At a height of 4700 meters, circa, gigantic icicles begin to form on the underside of overhanging rocks. It is also at this altitude up the slopes of Haba– and Yu Long Snow Mountains that one finds glaciers. The glaciers in this part of China are the country's lowest-latitude glaciers, which perhaps also explains why they are melting so rapidly, given the changing global climate. The many odd landscape features of these two mountains, not to speak of the deep gorge which separates them – are believed to be the footprints of much larger former glaciers that have melted, carrying soil, gravel, trees, and even large boulders in their runoff waters as they eroded away those parts of the surrounding landscape that could thus be dislodged.

The runoff waters from these former glaciers (and to some extent, from the glaciers that remain) formed a number of lakes farther below, at an altitude of 4000 meters, circa. Black Lake, whose name is derived from its almost black-ink appearance, is the most famous such lake. Its unusual appearance notwithstanding, Black Lake exhibits the usual four distinct seasons. Still, it is a mysterious lake, with some strange legends attached to it. For example, it is believed that sustained screaming at the lake's edge can provoke massive downpours. One of the creatures that thrive in waters with low visibility, salamanders, grow to gigantic proportions in Black Lake. When the temperature range is appropriate, giant salamanders amass in the lake's shallower places, adding to the eerieness of this dark lake.

In addition to the many other noteworthy attractions that the mountain offers, Haba Snow Mountian presents the visitor with a variety of waterfall types.
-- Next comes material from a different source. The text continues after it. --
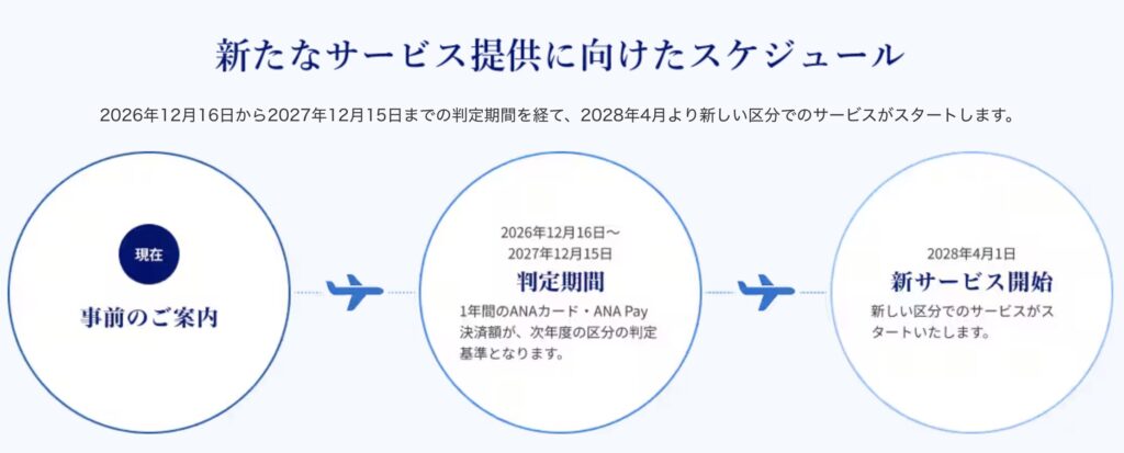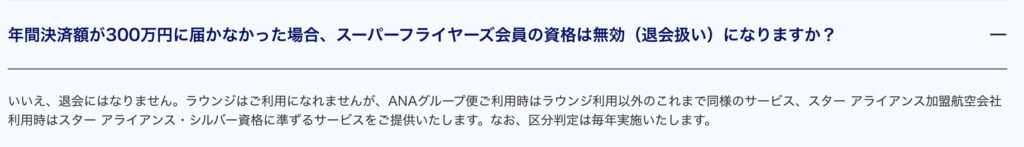判定期間が2026年12月16日〜2027年12月15日に設定されているので、この期間に300万円以上SFCもしくはANA Payを利用しなければ、2028年4月1日からLIGHT会員に分類され、ラウンジ利用権とスタアラゴールド資格は剥奪されます(笑)。

Some are mere thread-like trickles that spill over overhanging parts of the mountainside while others are raging troughs of water that crash into pools below with the roar of thunder. Still, others are broadsheets of water that make a sheer drop, then cascade over layer after layer of stone below. For example, Jinshan Cascade is born of a strong current and has a height of some 40 meters. It shoots over the edge of a cliff, producing a curtain of mist that reflects a magnificent rainbow when it catches the sunlight. And Dadiaoshui Cascade, a seasonal waterfall some 200 meters in height, lies just above the snow line at its origin. It is born of the melting snow that recurs each year from April through September, as the summer heat warms up the outer layers of snow and ice on the mountain's peak. The combination of cascades and cloud cover, or mists, that form a ring around the mountain near the origin of these cascades, giving the impression that this nebulous ring is liquifying as it comes in contact with the mountain face, is a priceless sight to behold.

How to Get There?

From Shangri-la, the county seat and the primary regional transportation hub that lies some 120 kilometers away, there is an excellent road that leads to Haba Snow Mountain. The usual form of transportation is a rented vehicle, of which there is a large variety available. With a bit of flexibility, one can easily arrange to share the ride with other tourists enroute to the mountain, thereby lowering the per-passenger price of the round-trip fare.